*THE TASK:*
Among the entries below, the lines from the one with "Une collaboration exemplaire" up to and including the one with "Góc trưng bày trải nghiệm làm tranh Đông Hồ" are to be restated exactly, without pictures.

*PROVIDED ENTRIES:*
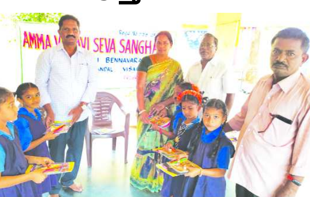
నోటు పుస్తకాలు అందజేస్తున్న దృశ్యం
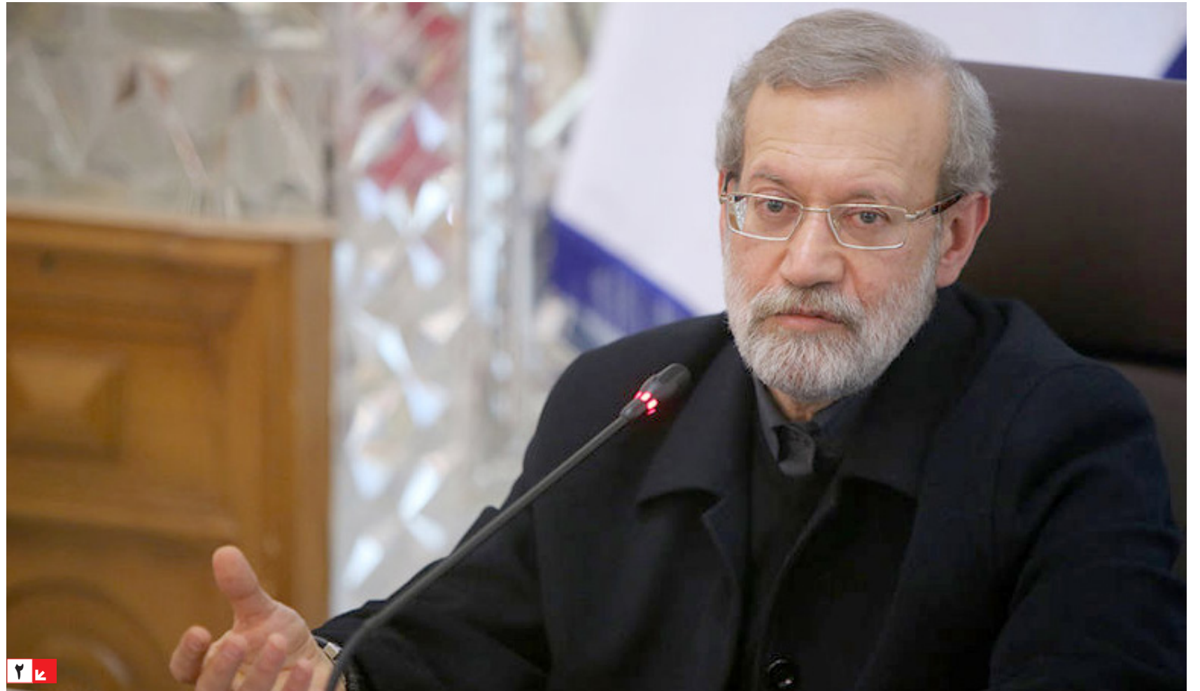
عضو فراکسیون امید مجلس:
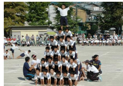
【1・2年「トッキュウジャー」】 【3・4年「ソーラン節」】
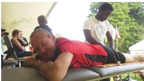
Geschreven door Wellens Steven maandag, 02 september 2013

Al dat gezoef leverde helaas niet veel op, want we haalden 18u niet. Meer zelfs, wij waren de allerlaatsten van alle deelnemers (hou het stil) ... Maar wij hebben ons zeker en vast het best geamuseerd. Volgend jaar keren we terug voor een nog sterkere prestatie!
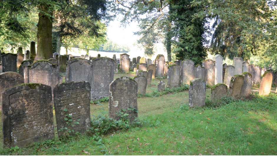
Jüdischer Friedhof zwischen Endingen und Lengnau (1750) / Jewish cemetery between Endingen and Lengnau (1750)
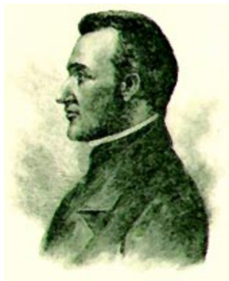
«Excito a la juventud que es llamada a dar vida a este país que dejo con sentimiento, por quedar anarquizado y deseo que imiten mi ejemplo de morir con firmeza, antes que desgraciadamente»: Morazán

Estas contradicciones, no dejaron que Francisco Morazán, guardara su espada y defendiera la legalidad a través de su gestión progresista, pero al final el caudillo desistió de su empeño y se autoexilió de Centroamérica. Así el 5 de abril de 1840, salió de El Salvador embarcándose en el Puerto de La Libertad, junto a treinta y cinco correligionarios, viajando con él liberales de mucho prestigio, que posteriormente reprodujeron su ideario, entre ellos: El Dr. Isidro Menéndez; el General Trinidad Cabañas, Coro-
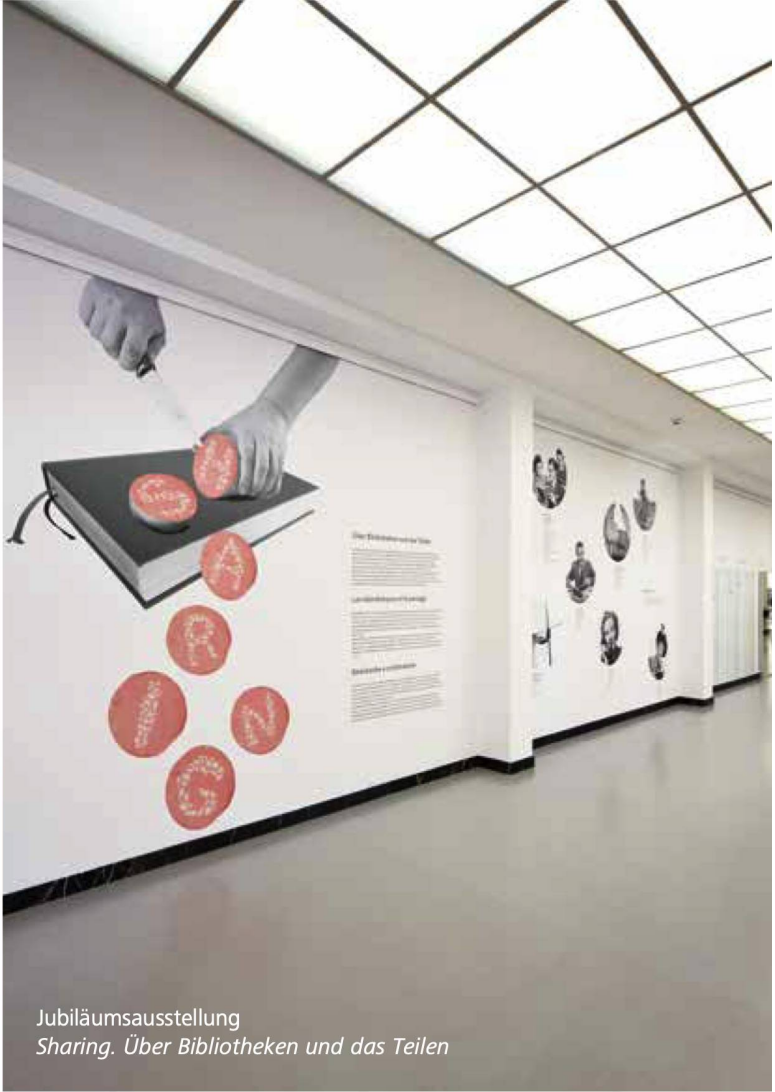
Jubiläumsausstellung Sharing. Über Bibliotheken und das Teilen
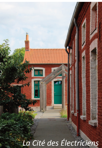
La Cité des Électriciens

* * *

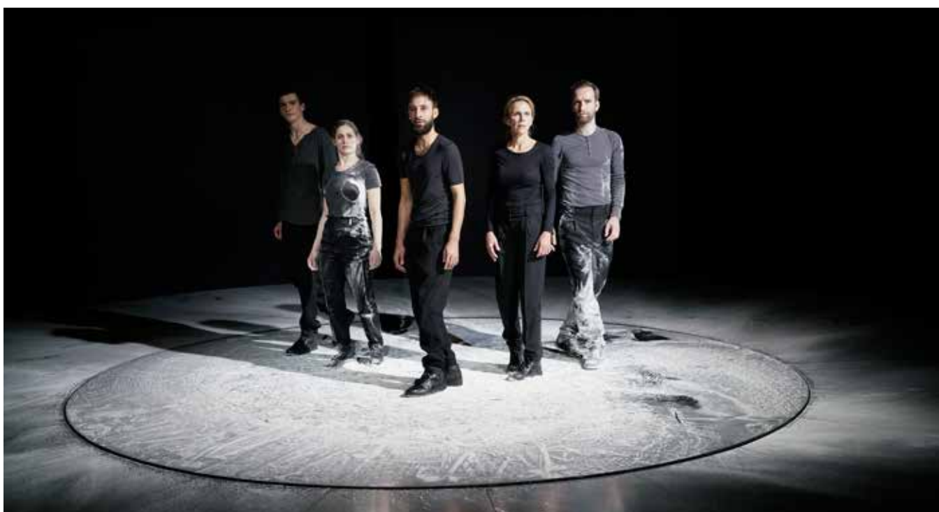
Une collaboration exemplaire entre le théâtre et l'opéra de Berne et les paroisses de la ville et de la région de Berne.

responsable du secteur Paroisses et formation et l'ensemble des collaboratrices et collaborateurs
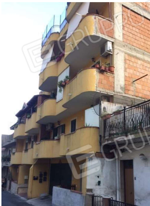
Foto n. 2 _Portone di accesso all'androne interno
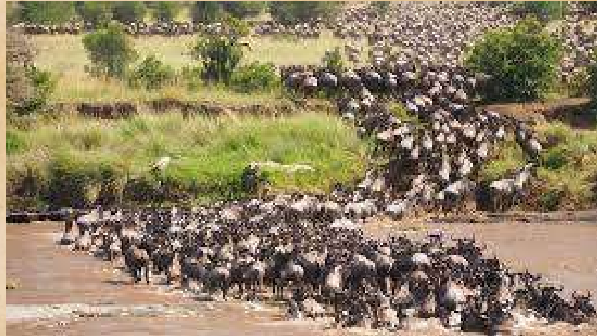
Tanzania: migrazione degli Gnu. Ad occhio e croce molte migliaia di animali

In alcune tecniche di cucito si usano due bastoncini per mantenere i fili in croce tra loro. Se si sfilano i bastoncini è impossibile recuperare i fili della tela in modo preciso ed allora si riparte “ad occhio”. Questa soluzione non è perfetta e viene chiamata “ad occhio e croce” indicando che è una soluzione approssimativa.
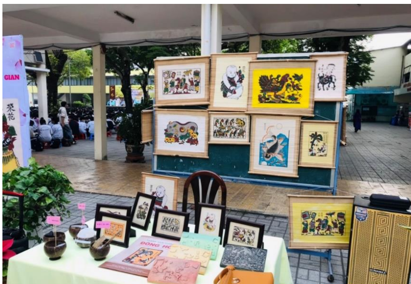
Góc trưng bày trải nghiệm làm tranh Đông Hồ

* * *

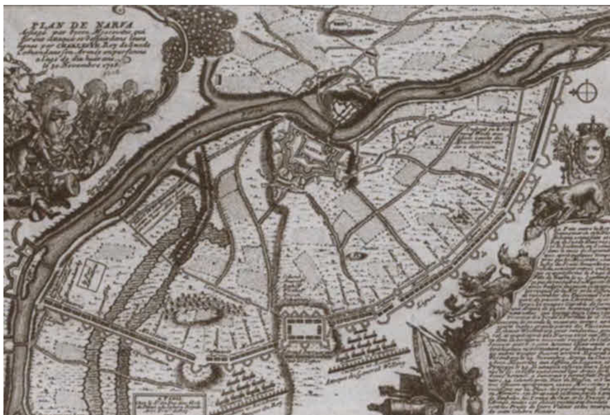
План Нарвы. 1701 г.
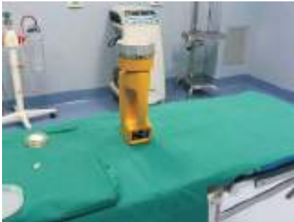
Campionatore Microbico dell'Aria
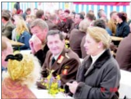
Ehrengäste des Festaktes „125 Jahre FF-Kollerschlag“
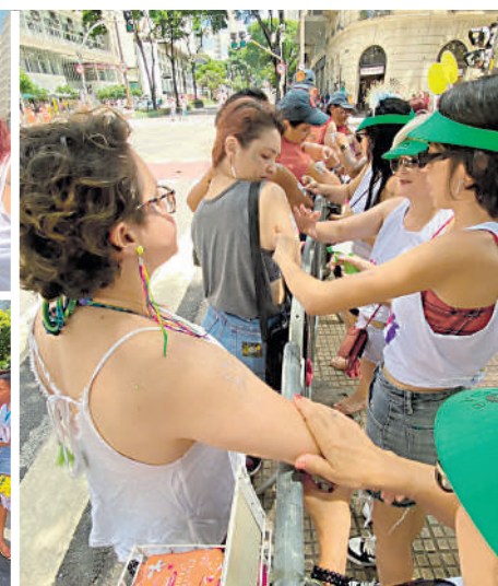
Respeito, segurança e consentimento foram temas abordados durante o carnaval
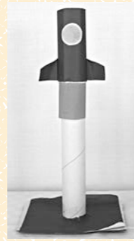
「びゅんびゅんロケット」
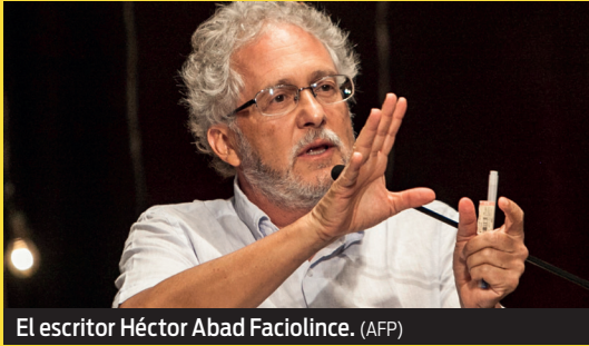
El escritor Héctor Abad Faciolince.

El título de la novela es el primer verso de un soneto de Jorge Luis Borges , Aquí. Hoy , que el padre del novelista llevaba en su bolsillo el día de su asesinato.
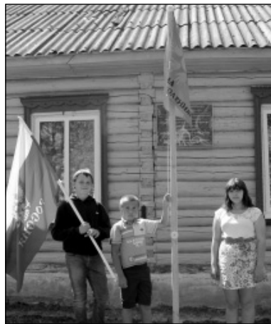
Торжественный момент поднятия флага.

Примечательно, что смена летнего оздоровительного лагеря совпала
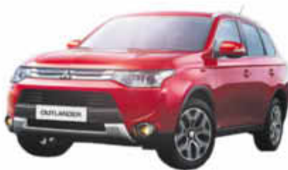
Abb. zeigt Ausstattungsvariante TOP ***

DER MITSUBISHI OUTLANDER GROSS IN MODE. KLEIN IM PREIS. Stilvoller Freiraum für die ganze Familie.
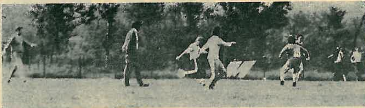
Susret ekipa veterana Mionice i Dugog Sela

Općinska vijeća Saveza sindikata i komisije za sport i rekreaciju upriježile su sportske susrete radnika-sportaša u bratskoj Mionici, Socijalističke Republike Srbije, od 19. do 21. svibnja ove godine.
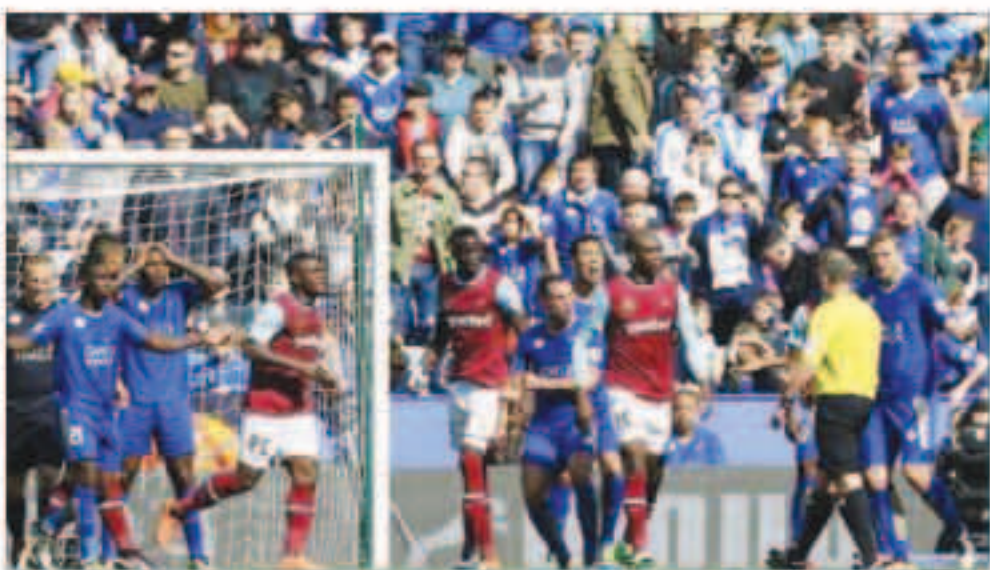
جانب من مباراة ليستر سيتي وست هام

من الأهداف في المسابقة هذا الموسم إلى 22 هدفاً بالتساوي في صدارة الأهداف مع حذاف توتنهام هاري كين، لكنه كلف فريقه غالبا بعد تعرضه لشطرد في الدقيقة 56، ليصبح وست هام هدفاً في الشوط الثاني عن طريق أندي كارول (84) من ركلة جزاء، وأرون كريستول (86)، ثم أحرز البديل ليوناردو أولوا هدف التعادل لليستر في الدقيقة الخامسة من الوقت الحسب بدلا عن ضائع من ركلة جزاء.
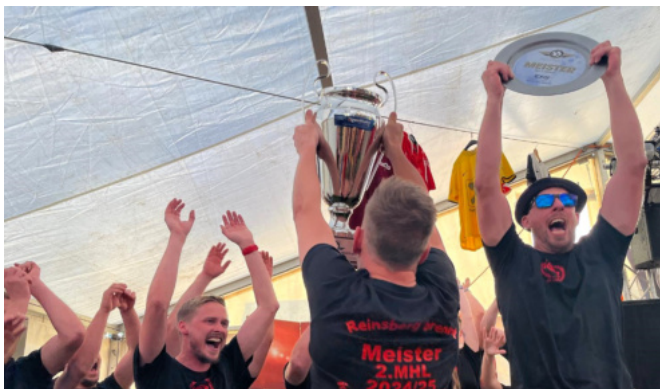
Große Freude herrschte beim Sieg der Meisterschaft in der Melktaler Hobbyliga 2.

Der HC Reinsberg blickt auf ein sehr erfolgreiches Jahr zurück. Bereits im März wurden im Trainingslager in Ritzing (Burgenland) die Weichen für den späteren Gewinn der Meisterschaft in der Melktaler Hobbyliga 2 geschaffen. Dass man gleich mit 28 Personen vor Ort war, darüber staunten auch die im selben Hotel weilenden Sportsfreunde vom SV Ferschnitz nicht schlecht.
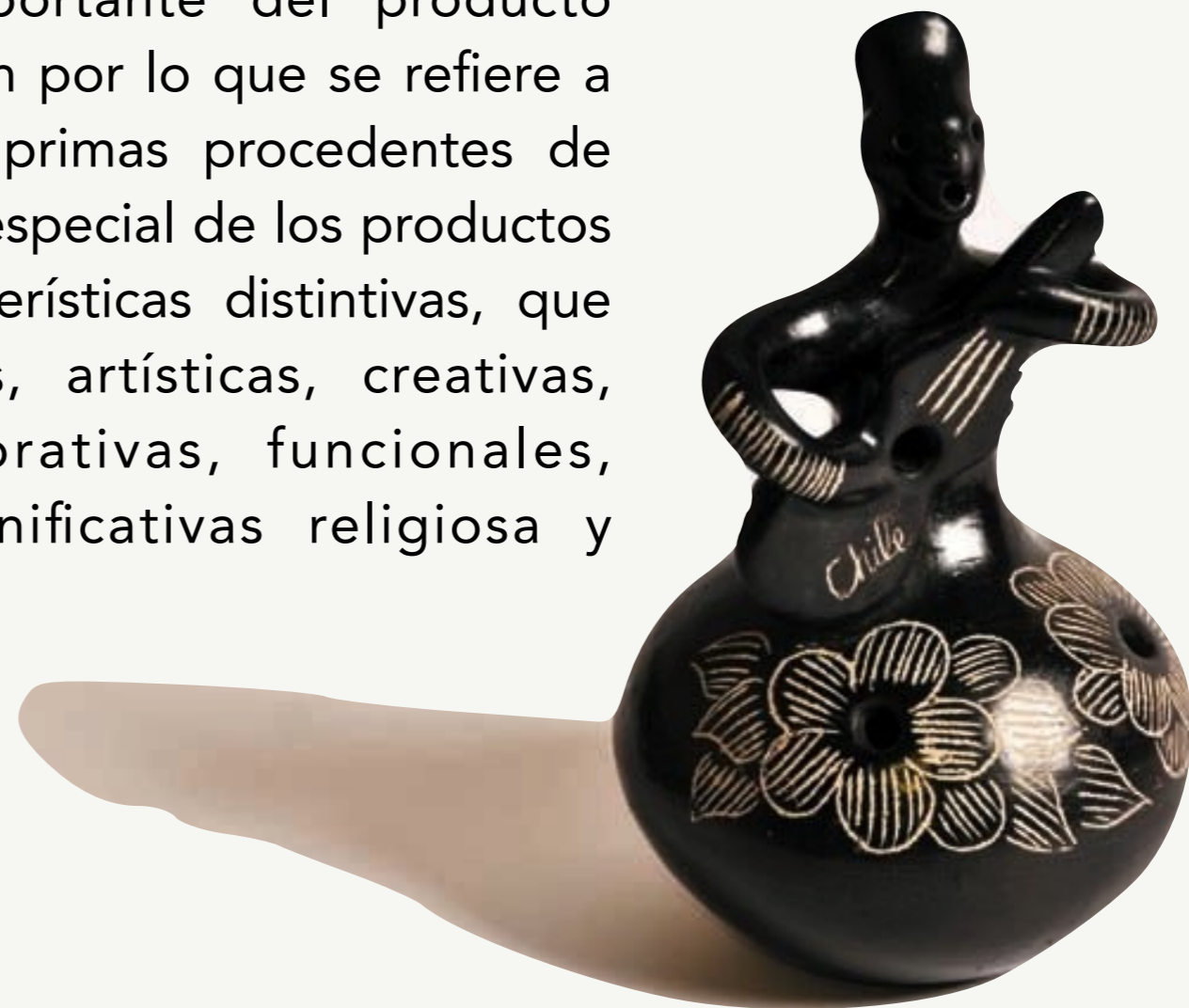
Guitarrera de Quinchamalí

*OUTPUT:*
Une collaboration exemplaire entre le théâtre et l'opéra de Berne et les paroisses de la ville et de la région de Berne.

responsable du secteur Paroisses et formation et l'ensemble des collaboratrices et collaborateurs
Foto n. 2 _Portone di accesso all'androne interno
Tanzania: migrazione degli Gnu. Ad occhio e croce molte migliaia di animali

In alcune tecniche di cucito si usano due bastoncini per mantenere i fili in croce tra loro. Se si sfilano i bastoncini è impossibile recuperare i fili della tela in modo preciso ed allora si riparte “ad occhio”. Questa soluzione non è perfetta e viene chiamata “ad occhio e croce” indicando che è una soluzione approssimativa.
Góc trưng bày trải nghiệm làm tranh Đông Hồ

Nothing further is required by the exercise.